Sicily | July 10th | 1943
Garret shot first, hitting the man in the upper right shoulder. Bellowing in pain, the mystery man swung his rifle around as his knees buckled beneath him, and fired wildly towards Garret’s position.
Ducking and rolling hard to his left, Garret somehow managed to dodge the barrage of bullets. During his final tumble towards a wide tree trunk, which took the brunt of the attack, he heard Private Hale fire his M1 two times.
“He’s down, Mickey!”
Garret broke his head from cover and saw the limp, bloody body of the man who shot at him laying in a patch of brown grass.

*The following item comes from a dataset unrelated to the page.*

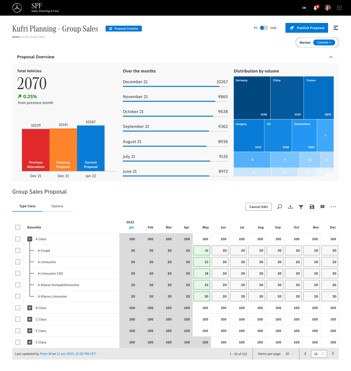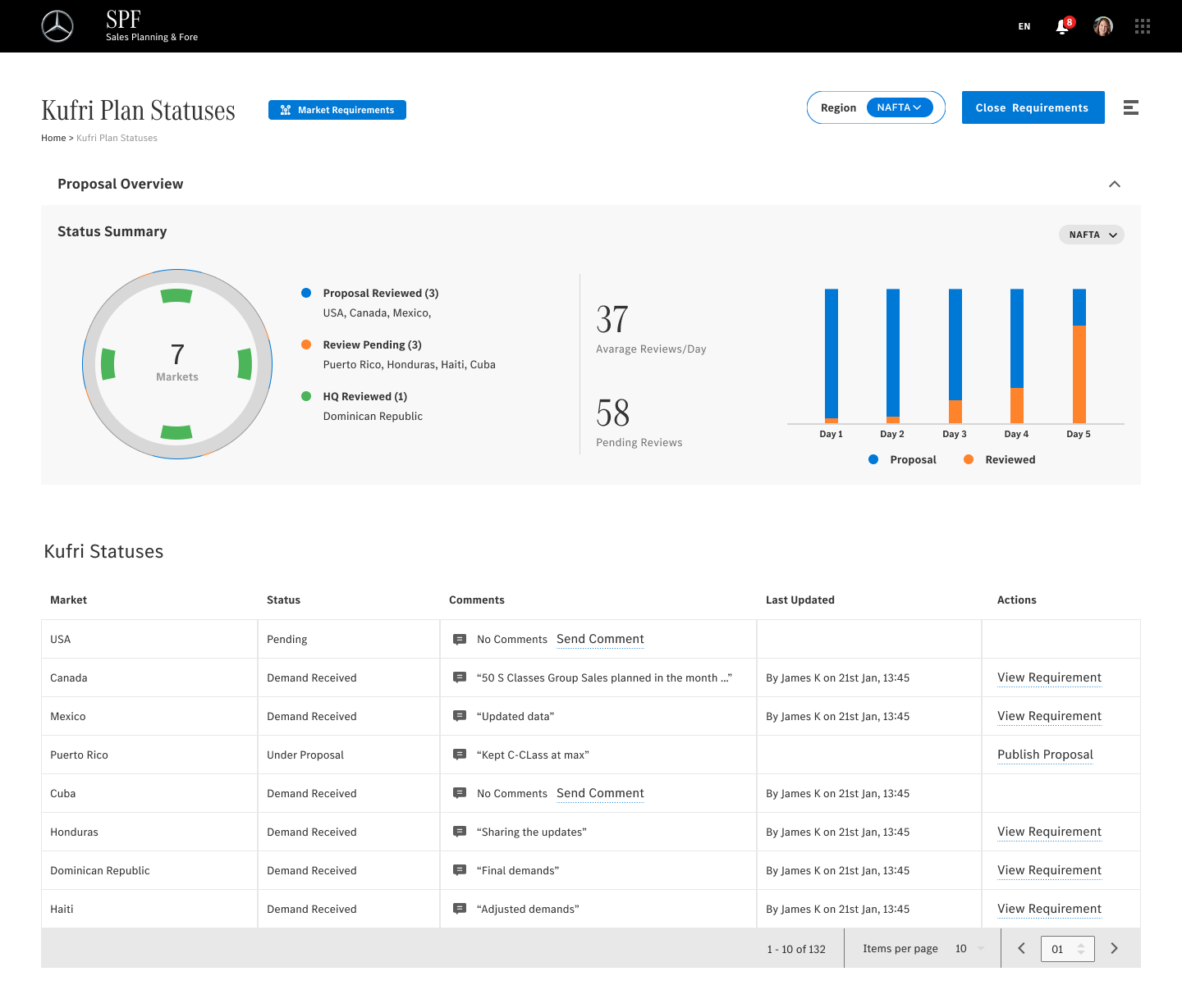 These dashboards summarize total vehicle proposals and visualize production requirements, plant capacity, and allocation breakdowns by region and volume. The system manages the full lifecycle of a proposal—from initial configuration and internal review to final publishing across specific markets such as the USA or Canada—while offering real-time updates, in-context commenting, and adjustment options. The status overview keeps all stakeholders aligned by tracking pending reviews and proposal statuses across regions, helping to surface bottlenecks and drive coordinated actions. Rather than a single feature, KUFRI functions as a modular, data-driven ecosystem that connects market demand with production planning in a clear, auditable, and efficient way.

He sprung to his feet, and postured himself into an attack position.
“Shit. The pig pen guy’s running,” Hale said, breaking from his cover.
“Stay where you are goddamn it. There could be more out there.”
Hale struggled to accept the order, but this was real-life combat, and he was a well trained, damn good paratrooper who respected the chain of command. He stepped back behind the flat nose of the Fiat truck, then dropped to his belly. He crawled himself into the perfect position beneath the bed of the truck, and began shooting at the running man. Hale cursed as he watched the man’s black silhouette disappear into the trees.
“We need to clear this area, Private. Get on your feet.”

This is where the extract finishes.